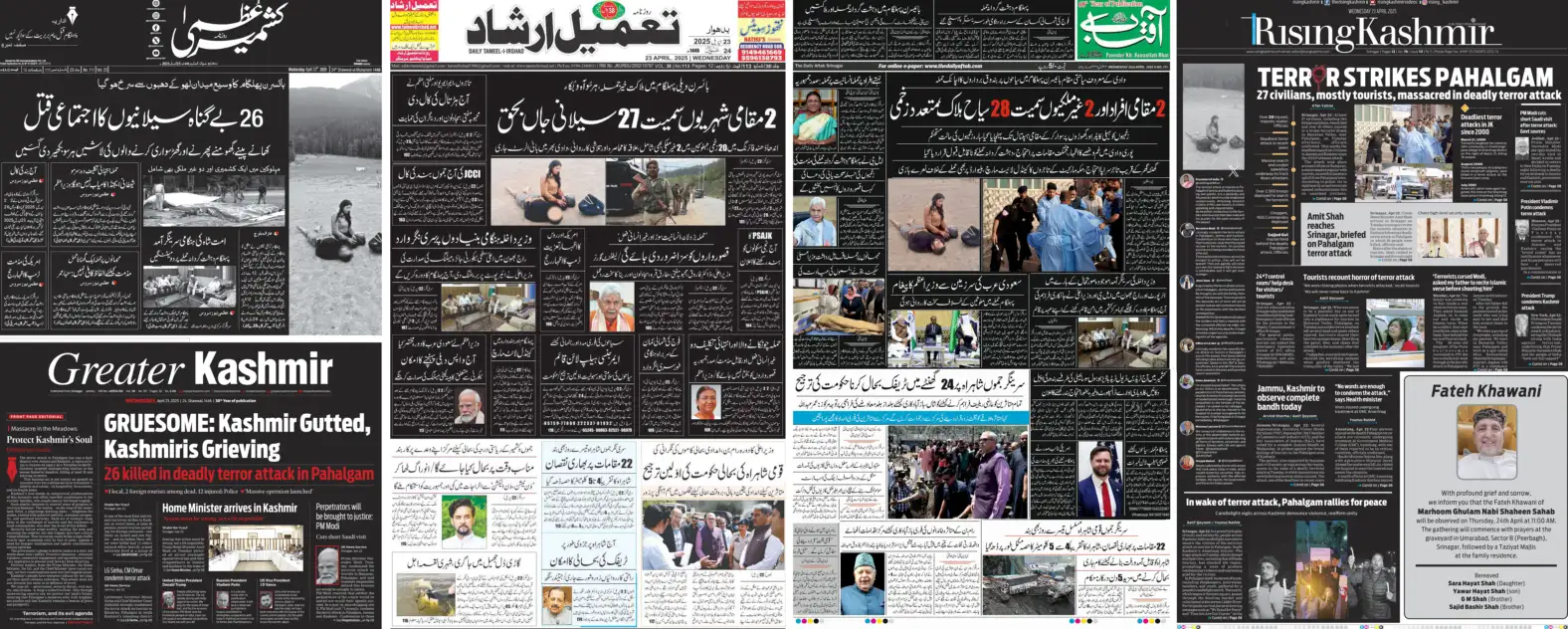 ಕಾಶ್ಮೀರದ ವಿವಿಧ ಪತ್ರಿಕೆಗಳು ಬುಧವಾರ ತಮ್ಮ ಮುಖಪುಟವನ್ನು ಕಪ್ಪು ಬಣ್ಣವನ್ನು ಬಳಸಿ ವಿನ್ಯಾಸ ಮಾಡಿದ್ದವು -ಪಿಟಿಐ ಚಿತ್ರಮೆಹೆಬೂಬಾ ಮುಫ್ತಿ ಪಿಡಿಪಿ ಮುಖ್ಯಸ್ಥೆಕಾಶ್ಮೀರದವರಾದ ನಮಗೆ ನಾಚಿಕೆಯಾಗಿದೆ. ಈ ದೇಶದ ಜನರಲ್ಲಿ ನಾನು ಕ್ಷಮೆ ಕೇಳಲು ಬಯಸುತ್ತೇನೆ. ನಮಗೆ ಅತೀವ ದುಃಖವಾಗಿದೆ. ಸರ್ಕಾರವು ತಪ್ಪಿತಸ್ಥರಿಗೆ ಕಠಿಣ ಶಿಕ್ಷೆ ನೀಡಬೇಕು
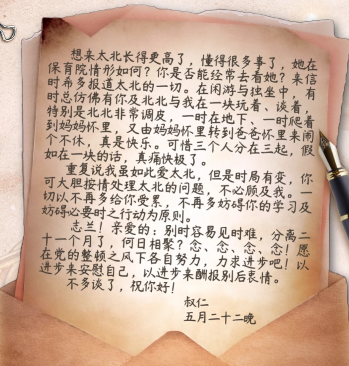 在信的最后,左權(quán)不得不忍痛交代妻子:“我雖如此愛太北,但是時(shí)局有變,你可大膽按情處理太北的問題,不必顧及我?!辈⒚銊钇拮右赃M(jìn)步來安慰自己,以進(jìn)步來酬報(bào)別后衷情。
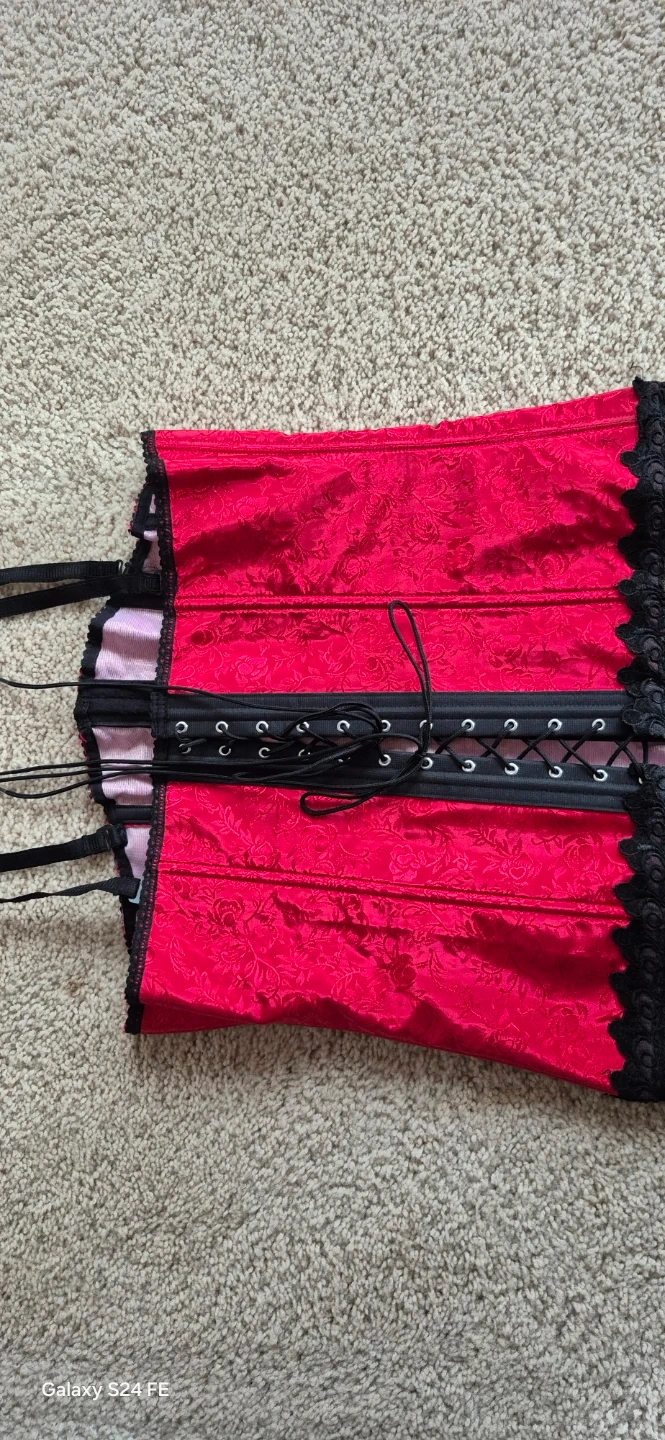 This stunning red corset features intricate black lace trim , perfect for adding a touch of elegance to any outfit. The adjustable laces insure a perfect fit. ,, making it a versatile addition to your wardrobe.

**WHAT TO PRODUCE**
Output each of the lines above exactly, apart from the images.

**ANSWER BOX**
 ಕಾಶ್ಮೀರದ ವಿವಿಧ ಪತ್ರಿಕೆಗಳು ಬುಧವಾರ ತಮ್ಮ ಮುಖಪುಟವನ್ನು ಕಪ್ಪು ಬಣ್ಣವನ್ನು ಬಳಸಿ ವಿನ್ಯಾಸ ಮಾಡಿದ್ದವು -ಪಿಟಿಐ ಚಿತ್ರಮೆಹೆಬೂಬಾ ಮುಫ್ತಿ ಪಿಡಿಪಿ ಮುಖ್ಯಸ್ಥೆಕಾಶ್ಮೀರದವರಾದ ನಮಗೆ ನಾಚಿಕೆಯಾಗಿದೆ. ಈ ದೇಶದ ಜನರಲ್ಲಿ ನಾನು ಕ್ಷಮೆ ಕೇಳಲು ಬಯಸುತ್ತೇನೆ. ನಮಗೆ ಅತೀವ ದುಃಖವಾಗಿದೆ. ಸರ್ಕಾರವು ತಪ್ಪಿತಸ್ಥರಿಗೆ ಕಠಿಣ ಶಿಕ್ಷೆ ನೀಡಬೇಕು
 在信的最后,左權(quán)不得不忍痛交代妻子:“我雖如此愛太北,但是時(shí)局有變,你可大膽按情處理太北的問題,不必顧及我?!辈⒚銊钇拮右赃M(jìn)步來安慰自己,以進(jìn)步來酬報(bào)別后衷情。
 This stunning red corset features intricate black lace trim , perfect for adding a touch of elegance to any outfit. The adjustable laces insure a perfect fit. ,, making it a versatile addition to your wardrobe.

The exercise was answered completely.